WHAT THE EXERCISE ASKS: Your reply should reproduce each line below exactly and carry none of the pictures.

*** STORED DATA ***

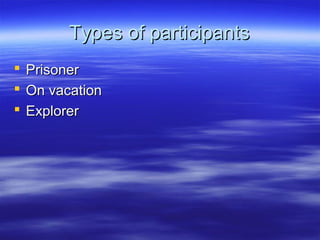 This document discusses the importance of developing a positive attitude and life skills. It provides examples of different types of participants in training programs, such as prisoners and explorers. Effective training programs require an open mindset and focus on interaction, learning, and personal growth. Developing a positive attitude means reflecting optimism outwardly through your behaviors and inwardly through your thoughts, beliefs and motivations. Maintaining a positive attitude can help you overcome challenges and achieve your goals. The document provides tips on cultivating a positive attitude, such as spending time with positive people, exercising, and ignoring negative thoughts.
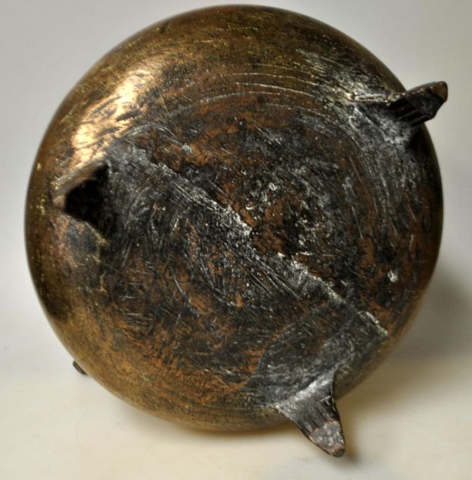 Three-legged pot in bronze, 17th/18th century. Northern Germany. With handle and three legs. Unmarked. H.: 20 cm. Height with handle: 30 cm. Dia.: 20.5 cm.Item number: 28217
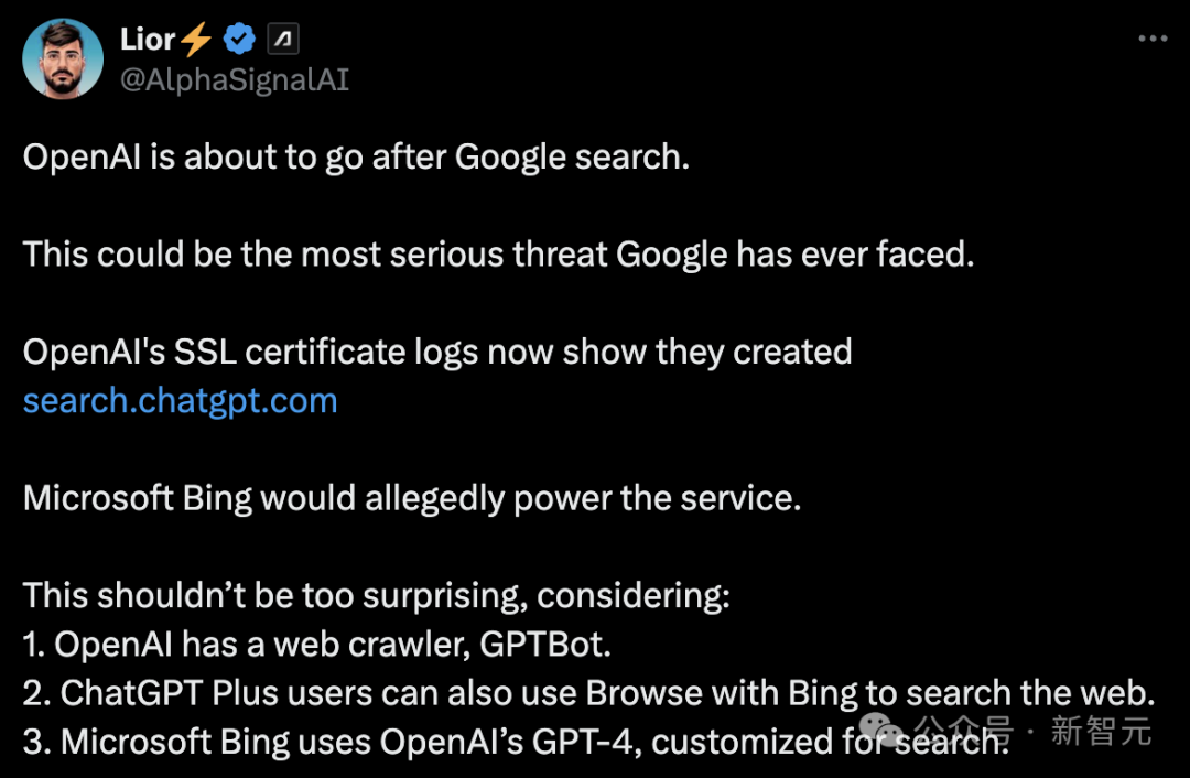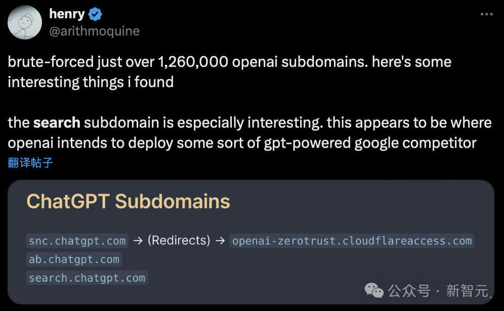 这似乎表明OpenAI打算在这个子域名下,部署某种由GPT驱动的谷歌竞争对手「搜索引擎」。

*** End of STORED DATA ***

WRITTEN RESPONSE:
 This document discusses the importance of developing a positive attitude and life skills. It provides examples of different types of participants in training programs, such as prisoners and explorers. Effective training programs require an open mindset and focus on interaction, learning, and personal growth. Developing a positive attitude means reflecting optimism outwardly through your behaviors and inwardly through your thoughts, beliefs and motivations. Maintaining a positive attitude can help you overcome challenges and achieve your goals. The document provides tips on cultivating a positive attitude, such as spending time with positive people, exercising, and ignoring negative thoughts.
 Three-legged pot in bronze, 17th/18th century. Northern Germany. With handle and three legs. Unmarked. H.: 20 cm. Height with handle: 30 cm. Dia.: 20.5 cm.Item number: 28217
 这似乎表明OpenAI打算在这个子域名下,部署某种由GPT驱动的谷歌竞争对手「搜索引擎」。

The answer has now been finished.